Every Thursday throughout the school year for the past two years, rotating groups of St. Alphonsus fifth, sixth and seventh graders walk to the former Sisters of Mercy convent, across the street from their school, to make 40 sandwiches for distribution to the hungry.
The sandwiches – generous whole-wheat ones with thick salami, two slices of cheese, lettuce and a mayo-mustard blend the students mix themselves – are offered to the city’s homeless, Lower Garden District neighbors in need and the guests of nearby Hope House, a ministry for the poor and needy that has an adult learning center, food pantry, rent and utilities help and a prison ministry. A resident of New Orleans’ Catholic Workers House oversees the distributions.
“I feel like I am giving back to the people and helping them. I wonder if they like it and how it will taste to them,” said sixth grader Najiah Hammond.
“It makes me feel good that they don’t have to struggle to find something to eat or find money to buy food,” added sixth grader De’Leah Lewis.
Depending on the flow of donations, the sandwiches sometimes come with a hard-boiled egg or fruit. The students pray over the sandwiches after packing them in plastic baggies.
The students’ weekly effort is part of a school wide focus on homelessness at St. Alphonsus Parish and School this year.
During Advent, school families collected winter hats, gloves and socks for distribution by the Catholic Workers House. They will collect toiletries as part of their Lenten charitable outreach.
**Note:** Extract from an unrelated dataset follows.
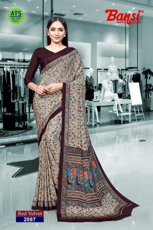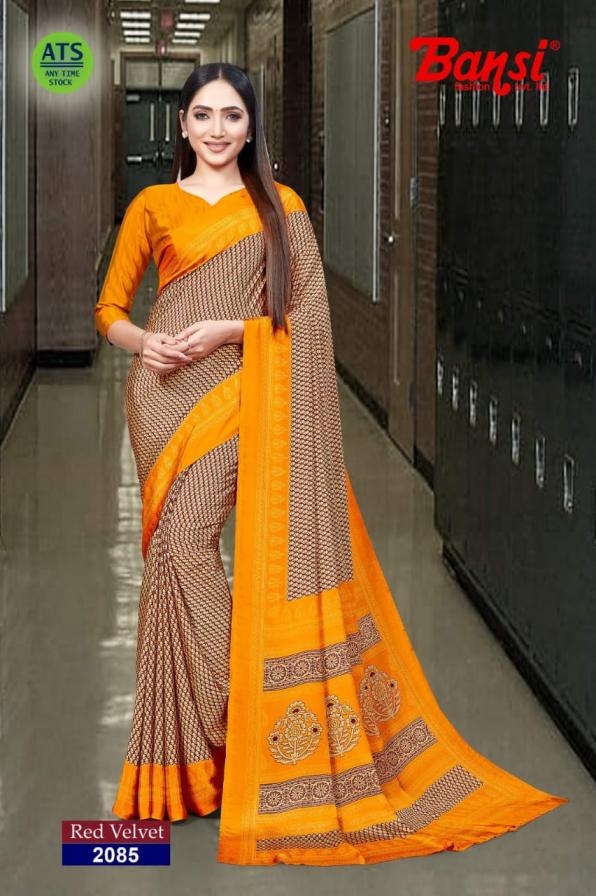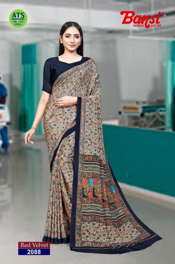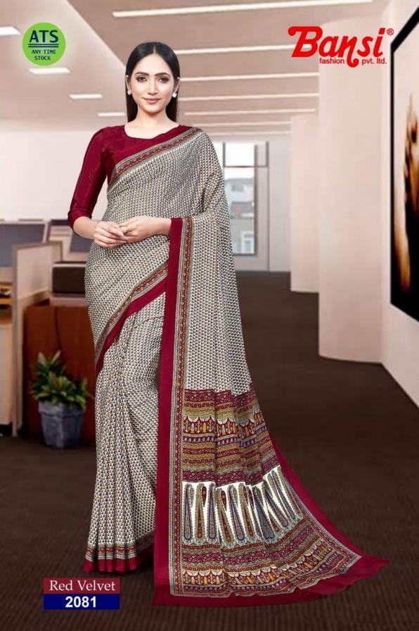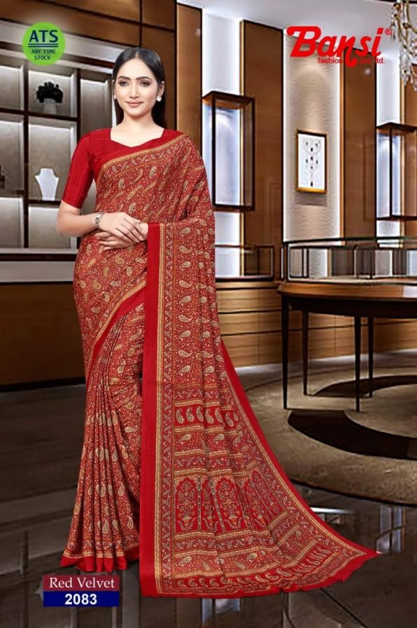| Name: | Bansi Red Velvet Crape Pretty Look Uniform Sarees Wholesale In Surat |

St. Alphonsus parishioners assist through their donations of blankets, coats and other cold-weather gear, and the parish’s young-adult group also meets monthly to make sandwiches for the feeding effort.
Part of Mercy charism
The food-based outreach actually carries on the service work of the Sisters of Mercy. Although primarily known for their ministries in education and health care, Mercy foundress Mother Catherine McAuley dedicated her inheritance to going door-to-door to feed, clothe and minister to the poor and sick of Dublin, Ireland.
When the Sisters of Mercy arrived in New Orleans in 1869 – to teach at St. Alphonsus School, at the request of the Redemptorist priests – they continued to visit the sick and offer sandwiches to anyone who was hungry from the door of their original convent on St. Andrew Street, built in 1870 and demolished in Hurricane Betsy in 1965.
“When I was a child going to St. Alphonsus School in the 1950s, the sisters would make sandwiches at night and ask us (students) to help make them after school,” recalled Sister of Mercy Monica Ellerbusch, school principal. “People would ring the convent doorbell, and those sisters would give them a sandwich!”
The curbside food ministry continued through the late 1990s, when the opening of the Mercy Endeavors senior center, located in the sisters’ rebuilt convent, made it unfeasible.
Still, the Mercy convent remained a beacon for the hungry after Katrina, with Second Harvest setting up a site there to feed returning residents and workers. During the pandemic, St. Alphonsus’ cafeteria provided hot, take-home meals to school families and never turned away any homeless individual who was seeking a meal.
“It’s something that the Sisters of Mercy have done from their very beginning,” Sister Monica said. “Serving food just seems to be a big part of who we are as Sisters of Mercy!”